EXERCISE:
All of the data, except its images, should be set down exactly as it appears.

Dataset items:
——————

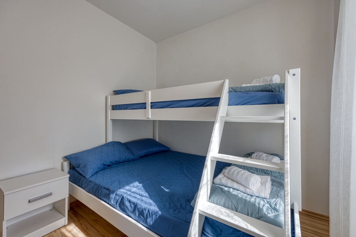 Experience a Vineyard stay at this 2-bedroom apartment in Krasno in Goriška Brda region in Slovenia. Neda Apartment is a serene 1st-floor retreat, accommodating up to 5 guests with 2 cosy bedrooms. Inside, the inviting living room has a sofa and opens to a terrace with vineyard views, perfect for enjoying the slow evenings. The fully equipped kitchen-diner with an oven, fridge, induction hob, and coffee machine makes cooking a breeze. Modern amenities such as free Wi-Fi and a Smart TV enhance your stay. Outside, a small balcony with outdoor dining space and a BBQ area makes it ideal for enjoying the night. Sleeping Bedroom 1: The bedroom has a comfortable double bed and a wardrobe Bedroom 2: This bedroom features a bunk bed, a single bed, and a wardrobe Bathroom Bathroom 1: The bathroom includes a shower and WC Additional Amenities Pets Allowed • Private Parking Space • Washing Machine • Hair Dryer • Clothes Horse • Outside Table-Chairs • TV • Terrace Location Enjoy the stunning scenery of the nearby vineyards. Popular attractions include Devil's Bridge, Piazza della Libertà, Piazza Giacomo Matteotti and Castello di Udine, all reachable within a 25-minute drive. Enjoy the picturesque hiking trails in Goriška Brdain and the surrounding hills. Within walking distance, you’ll find local wine cellars and tasting rooms where you can sample the famous Brda wines, as well as scenic walking trails that wind through the countryside. Dobrovo, only 5 minutes away by car, offers restaurants, a supermarket, and cultural attractions like Dobrovo Castle and its museum. The stunning Soča Valley, known for outdoor activities like rafting, hiking, and cycling, is just a short drive away. You can also easily explore nearby Gorizia and Nova Gorica across the Italian border, both within 30 minutes by car. The nearest airport is in Trieste, Italy, about a 1-hour drive away. Public transport options are available within walking distance for intercity travel.
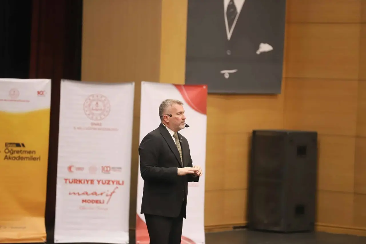 Program, saygı duruşu ve İstiklal Marşı’nın okunmasıyla başladı. Ardından kürsüye çıkan Prof. Dr. Cihad Demirli, Türkiye Yüzyılı Maarif Modelinin yalnızca bir müfredat değişikliği olmadığını vurguladı. Demirli, yeni modelin eğitim anlayışında köklü bir paradigma dönüşümünü hedeflediğini belirterek, “Bu model, öğrencinin akademik, sosyal ve duygusal gelişimini bir bütün olarak destekliyor,” dedi.
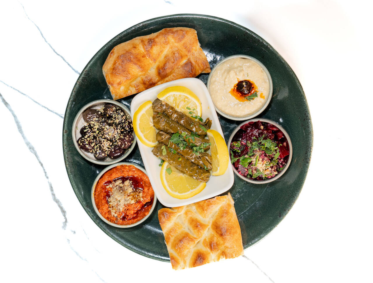 Hummus, liście winogron faszerowane, marynowane oliwki, muhammara, sałatka z buraków.
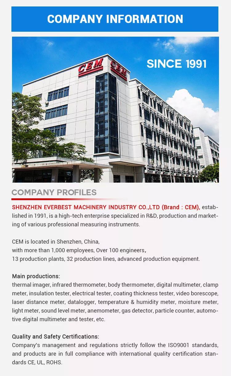 کمپانی CEM موفق به کسب استانداردهای بین المللی ISO 9001 کیفیت، CE – UL و ROHS شده است، این برند رنج وسیعی از ابزارهای NDT مانند انواع مولتیمتر، دوربین های ترموویژن، گاز سنج، پارتیکل کانتر، متر لیزری، دوربین های بازرسی بروسکوپ، دماسنج های پزشکی و صنعتی و غیره را تولید میکند.
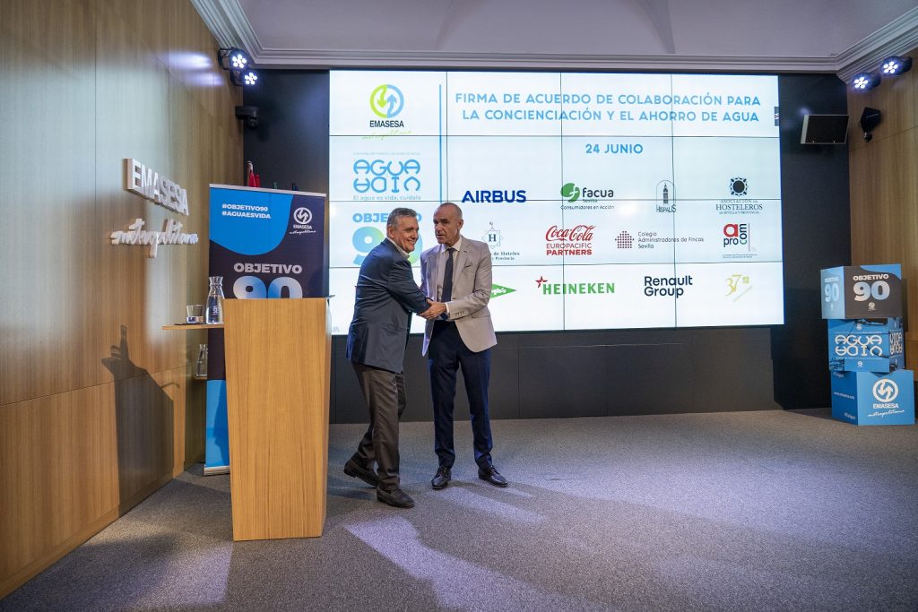 El Ayuntamiento y Emasesa avanzan en la estrategia de fomento del ahorro de agua ante la actual situación de prealerta por sequía con la firma de un convenio con una docena de grandes empresas y entidades sociales y económicas para promover un consumo más responsable
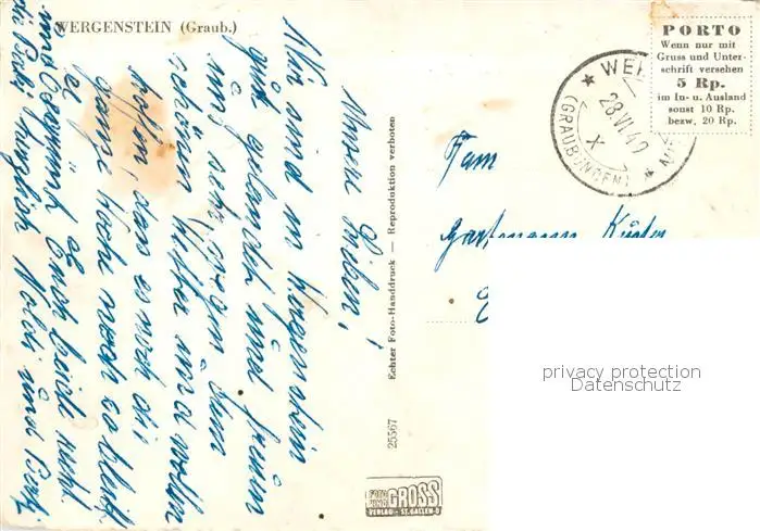 Wergenstein_GR Bergdorf Alpenpanorama Wergenstein_GR postalisch gelaufen 1940 Erhaltung siehe scans [FriedD77] Frierer

——————

TASK RESULT:
 Experience a Vineyard stay at this 2-bedroom apartment in Krasno in Goriška Brda region in Slovenia. Neda Apartment is a serene 1st-floor retreat, accommodating up to 5 guests with 2 cosy bedrooms. Inside, the inviting living room has a sofa and opens to a terrace with vineyard views, perfect for enjoying the slow evenings. The fully equipped kitchen-diner with an oven, fridge, induction hob, and coffee machine makes cooking a breeze. Modern amenities such as free Wi-Fi and a Smart TV enhance your stay. Outside, a small balcony with outdoor dining space and a BBQ area makes it ideal for enjoying the night. Sleeping Bedroom 1: The bedroom has a comfortable double bed and a wardrobe Bedroom 2: This bedroom features a bunk bed, a single bed, and a wardrobe Bathroom Bathroom 1: The bathroom includes a shower and WC Additional Amenities Pets Allowed • Private Parking Space • Washing Machine • Hair Dryer • Clothes Horse • Outside Table-Chairs • TV • Terrace Location Enjoy the stunning scenery of the nearby vineyards. Popular attractions include Devil's Bridge, Piazza della Libertà, Piazza Giacomo Matteotti and Castello di Udine, all reachable within a 25-minute drive. Enjoy the picturesque hiking trails in Goriška Brdain and the surrounding hills. Within walking distance, you’ll find local wine cellars and tasting rooms where you can sample the famous Brda wines, as well as scenic walking trails that wind through the countryside. Dobrovo, only 5 minutes away by car, offers restaurants, a supermarket, and cultural attractions like Dobrovo Castle and its museum. The stunning Soča Valley, known for outdoor activities like rafting, hiking, and cycling, is just a short drive away. You can also easily explore nearby Gorizia and Nova Gorica across the Italian border, both within 30 minutes by car. The nearest airport is in Trieste, Italy, about a 1-hour drive away. Public transport options are available within walking distance for intercity travel.
 Program, saygı duruşu ve İstiklal Marşı’nın okunmasıyla başladı. Ardından kürsüye çıkan Prof. Dr. Cihad Demirli, Türkiye Yüzyılı Maarif Modelinin yalnızca bir müfredat değişikliği olmadığını vurguladı. Demirli, yeni modelin eğitim anlayışında köklü bir paradigma dönüşümünü hedeflediğini belirterek, “Bu model, öğrencinin akademik, sosyal ve duygusal gelişimini bir bütün olarak destekliyor,” dedi.
 Hummus, liście winogron faszerowane, marynowane oliwki, muhammara, sałatka z buraków.
 کمپانی CEM موفق به کسب استانداردهای بین المللی ISO 9001 کیفیت، CE – UL و ROHS شده است، این برند رنج وسیعی از ابزارهای NDT مانند انواع مولتیمتر، دوربین های ترموویژن، گاز سنج، پارتیکل کانتر، متر لیزری، دوربین های بازرسی بروسکوپ، دماسنج های پزشکی و صنعتی و غیره را تولید میکند.
 El Ayuntamiento y Emasesa avanzan en la estrategia de fomento del ahorro de agua ante la actual situación de prealerta por sequía con la firma de un convenio con una docena de grandes empresas y entidades sociales y económicas para promover un consumo más responsable
 Wergenstein_GR Bergdorf Alpenpanorama Wergenstein_GR postalisch gelaufen 1940 Erhaltung siehe scans [FriedD77] Frierer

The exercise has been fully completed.